Li Miaoxin, Li Jiang, Li Mulin Jun, Pan Zhicheng, Hsu Jacob Shujui, Liu Dajiang J, Zhan Xiaowei, Wang Junwen, Song Youqiang, Sham Pak Chung
Department of Medical Genetics, Center for Genome Research, Center for Precision Medicine, Zhongshan School of Medicine, Sun Yat-sen University, Guangzhou, 510080, China.
The Centre for Genomic Sciences, the University of Hong Kong, Pokfulam, Hong Kong.
Nucleic Acids Res. 2017 May 19;45(9):e75. doi: 10.1093/nar/gkx019.
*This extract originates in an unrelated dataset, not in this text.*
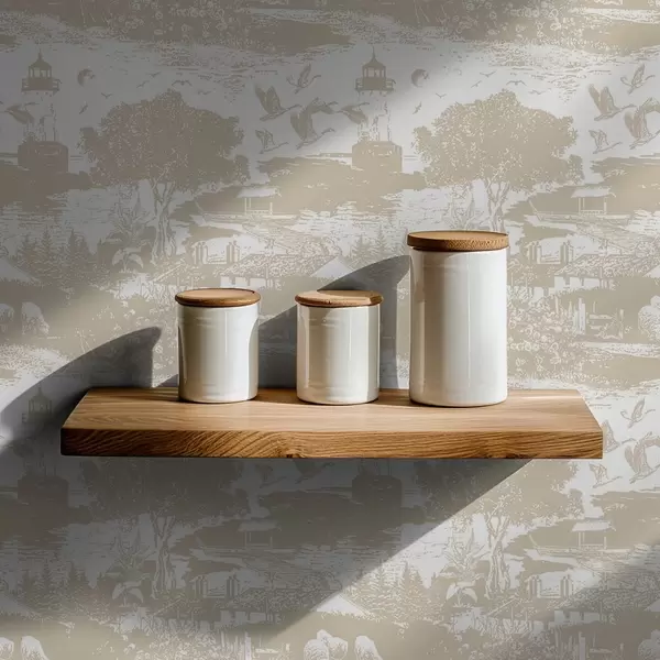 Papiers peints Scène avec phare, arbres et maisons en terre de Sienne Nr. a00739
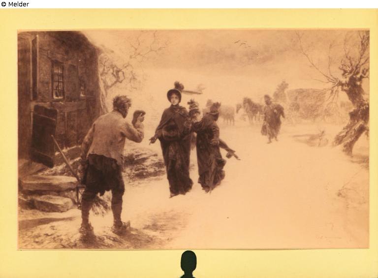 Panel painting: Picture: Winter landscape; landscape denoting winter (in the division of the year into four seasons) & farm or secluded house in a landscape & old man & lantern & four-wheeled cart drawn by animals; e.g.: carriage & luggage

Whole genome sequencing (WGS) is a promising strategy to unravel variants or genes responsible for human diseases and traits. However, there is a lack of robust platforms for a comprehensive downstream analysis. In the present study, we first proposed three novel algorithms, sequence gap-filled gene feature annotation, bit-block encoded genotypes and sectional fast access to text lines to address three fundamental problems. The three algorithms then formed the infrastructure of a robust parallel computing framework, KGGSeq, for integrating downstream analysis functions for whole genome sequencing data. KGGSeq has been equipped with a comprehensive set of analysis functions for quality control, filtration, annotation, pathogenic prediction and statistical tests. In the tests with whole genome sequencing data from 1000 Genomes Project, KGGSeq annotated several thousand more reliable non-synonymous variants than other widely used tools (e.g. ANNOVAR and SNPEff). It took only around half an hour on a small server with 10 CPUs to access genotypes of ∼60 million variants of 2504 subjects, while a popular alternative tool required around one day. KGGSeq's bit-block genotype format used 1.5% or less space to flexibly represent phased or unphased genotypes with multiple alleles and achieved a speed of over 1000 times faster to calculate genotypic correlation.
全基因组测序(WGS)是一种很有前景的策略,可用于揭示导致人类疾病和性状的变异或基因。然而,目前缺乏强大的平台来进行全面的下游分析。在本研究中,我们首先提出了三种新颖的算法,即序列缺口填充基因特征注释、位块编码基因型和文本行的分段快速访问,以解决三个基本问题。这三种算法随后构成了一个强大的并行计算框架KGGSeq的基础架构,用于整合全基因组测序数据的下游分析功能。KGGSeq配备了一套全面的分析功能,用于质量控制、过滤、注释、致病性预测和统计测试。在对来自千人基因组计划的全基因组测序数据进行测试时,KGGSeq注释的可靠非同义变异比其他广泛使用的工具(如ANNOVAR和SNPEff)多出数千个。在一台配备10个CPU的小型服务器上,只需大约半小时就能获取2504名受试者约6000万个变异的基因型,而另一个常用工具则需要大约一天时间。KGGSeq的位块基因型格式使用的空间不到1.5%,能够灵活地表示具有多个等位基因的分阶段或未分阶段基因型,并且计算基因型相关性的速度快了1000倍以上。